We also had gemstones for our first litter.I'm beginning to think it is a bit of a tradition with the first litter,i know loads of people that used gemstones with their first litter.


----------



## Puppy Love (Jan 10, 2008)

........because they are so presious!!!! Just like our puppies!!! x


----------



## Firedog (Oct 19, 2011)

Now this is Precious.







.
Sorry i'm just so smitten i can't stop putting her picture up.Her name is Precious by the way.


----------



## Puppy Love (Jan 10, 2008)

Wow and she is Precious!!! This is my little dream boy.......Harvey - Devacott Diamond Geezer..........


----------



## kalindra (Jun 23, 2012)

For my Border collie litter, I used the sky as a theme, a couple that I can remember (lol) are Skye's The Limit, Northern Lights and Spirit In The Sky.
For our Shepherd litters, we used a particular letter per litter. Like the E litter (our first) and the X litter - a difficult one!
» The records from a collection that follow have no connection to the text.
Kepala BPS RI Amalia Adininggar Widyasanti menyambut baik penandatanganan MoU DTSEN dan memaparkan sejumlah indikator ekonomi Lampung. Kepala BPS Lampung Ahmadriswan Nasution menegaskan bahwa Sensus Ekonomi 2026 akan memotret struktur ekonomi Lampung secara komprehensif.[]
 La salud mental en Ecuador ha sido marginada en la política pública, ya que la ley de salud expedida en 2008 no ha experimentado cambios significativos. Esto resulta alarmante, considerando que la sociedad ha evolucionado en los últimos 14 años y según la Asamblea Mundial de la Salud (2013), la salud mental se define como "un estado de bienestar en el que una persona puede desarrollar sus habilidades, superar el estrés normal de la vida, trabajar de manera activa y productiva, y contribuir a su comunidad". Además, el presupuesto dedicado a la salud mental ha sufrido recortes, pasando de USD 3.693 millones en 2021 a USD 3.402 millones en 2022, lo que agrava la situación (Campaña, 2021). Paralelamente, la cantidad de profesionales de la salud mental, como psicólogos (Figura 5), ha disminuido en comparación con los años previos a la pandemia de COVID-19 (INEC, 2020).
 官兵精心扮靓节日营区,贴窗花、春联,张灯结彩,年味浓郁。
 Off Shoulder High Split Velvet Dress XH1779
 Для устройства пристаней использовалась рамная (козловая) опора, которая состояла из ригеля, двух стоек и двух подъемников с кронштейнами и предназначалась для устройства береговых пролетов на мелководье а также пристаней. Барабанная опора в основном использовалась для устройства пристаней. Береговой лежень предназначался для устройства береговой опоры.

We kept a bitch, Kalindra Xharana (Vanta).


----------



## shetlandlover (Dec 6, 2011)

My litter theme was cold, mummy is Alaskan mist 
Pups were "Alaskan Night", "Alaskan dream", "Alaskan star".


----------



## SpicyBulldog (Jun 30, 2012)

All great and interesting themes/names.



pearltheplank said:


> My little black girl when she started to try and walk looked like Samara climbing out of the well in 'The Ring' and because she was born not breathing, she became Super Samara


Neat I have a Samara! Not because of the girl in the movie though, didn't find out she had that name until after I named my girl. I picked the name because of the meaning and I liked it overall, there were a couple others which were close but I settled on Samara.



kalindra said:


> For my Border collie litter, I used the sky as a theme, a couple that I can remember (lol) are Skye's The Limit, Northern Lights and Spirit In The Sky.
> For our Shepherd litters, we used a particular letter per litter. Like the E litter (our first) and the X litter - a difficult one! We kept a bitch, Kalindra Xharana (Vanta).
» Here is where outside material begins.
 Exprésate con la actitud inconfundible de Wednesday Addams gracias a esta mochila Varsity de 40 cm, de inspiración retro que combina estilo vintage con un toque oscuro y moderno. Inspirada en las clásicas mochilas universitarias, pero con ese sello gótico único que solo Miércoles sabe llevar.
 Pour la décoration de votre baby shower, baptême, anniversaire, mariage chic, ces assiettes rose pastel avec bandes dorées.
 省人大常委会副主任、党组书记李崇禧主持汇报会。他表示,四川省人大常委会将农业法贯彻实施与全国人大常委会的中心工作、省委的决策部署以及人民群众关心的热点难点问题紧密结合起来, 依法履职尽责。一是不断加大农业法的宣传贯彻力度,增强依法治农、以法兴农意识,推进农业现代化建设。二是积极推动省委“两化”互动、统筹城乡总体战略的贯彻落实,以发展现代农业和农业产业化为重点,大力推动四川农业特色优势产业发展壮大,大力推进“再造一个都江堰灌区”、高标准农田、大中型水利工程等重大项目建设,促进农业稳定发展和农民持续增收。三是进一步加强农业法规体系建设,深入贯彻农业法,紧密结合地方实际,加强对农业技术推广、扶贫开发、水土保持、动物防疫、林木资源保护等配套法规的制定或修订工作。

I've got my X litter names picked out. It was a little difficult since not common letter but the internet is a great help with baby names and whatnot. Like the name you picked btw.


----------



## pearltheplank (Oct 2, 2010)

SpicyBulldog said:


> Neat I have a Samara! Not because of the girl in the movie though, didn't find out she had that name until after I named my girl. I picked the name because of the meaning and I liked it overall, there were a couple others which were close but I settled on .


ooh, what does it mean?


----------



## Firedog (Oct 19, 2011)

Puppy Love,your boy is very handsome.


----------



## SpicyBulldog (Jun 30, 2012)

pearltheplank said:


> ooh, what does it mean?


It was said to me "guardian". There was also the alternative I believe Shimara or Shimira (will have to look it up, its been so long).


----------



## Darth (May 18, 2011)

My last litter were the Disney litter,

Snow White, Buz Lightyear, The Lion King etc.
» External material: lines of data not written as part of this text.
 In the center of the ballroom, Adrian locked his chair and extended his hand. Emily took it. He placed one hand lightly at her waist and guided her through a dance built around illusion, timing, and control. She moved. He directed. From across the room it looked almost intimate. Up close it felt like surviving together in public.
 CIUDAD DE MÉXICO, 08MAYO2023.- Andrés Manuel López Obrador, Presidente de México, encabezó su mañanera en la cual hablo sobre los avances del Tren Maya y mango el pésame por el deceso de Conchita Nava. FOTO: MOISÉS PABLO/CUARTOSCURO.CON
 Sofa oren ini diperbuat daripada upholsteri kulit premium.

The list to choose from was endless and quite easy for boy names too.

There were quite a few that I liked and didn't use so may use them another time :biggrin:


----------



## SpringerHusky (Nov 6, 2008)

When maya had her pups, I wanted the most random names so decided on objects  with 10 puppies, it was a little difficult :lol: I even got a friend to name one :lol:

Cookie (Now Socks)
Pencil (Now Missey)
Plushie (Now Badger)
Microwave (Now Bear)
Toaster (Now Hilti)
Basket (Was Harry, the pup who passed away last year)
Token (Now Zeb)
Quilt (Now Rusty)
Squeaky toy (Now Kody)
Novel (Now Truffel)

Must say it was fun :lol: just pleased I didn't have to do pedigree names since they was a x, that would be even harder.


----------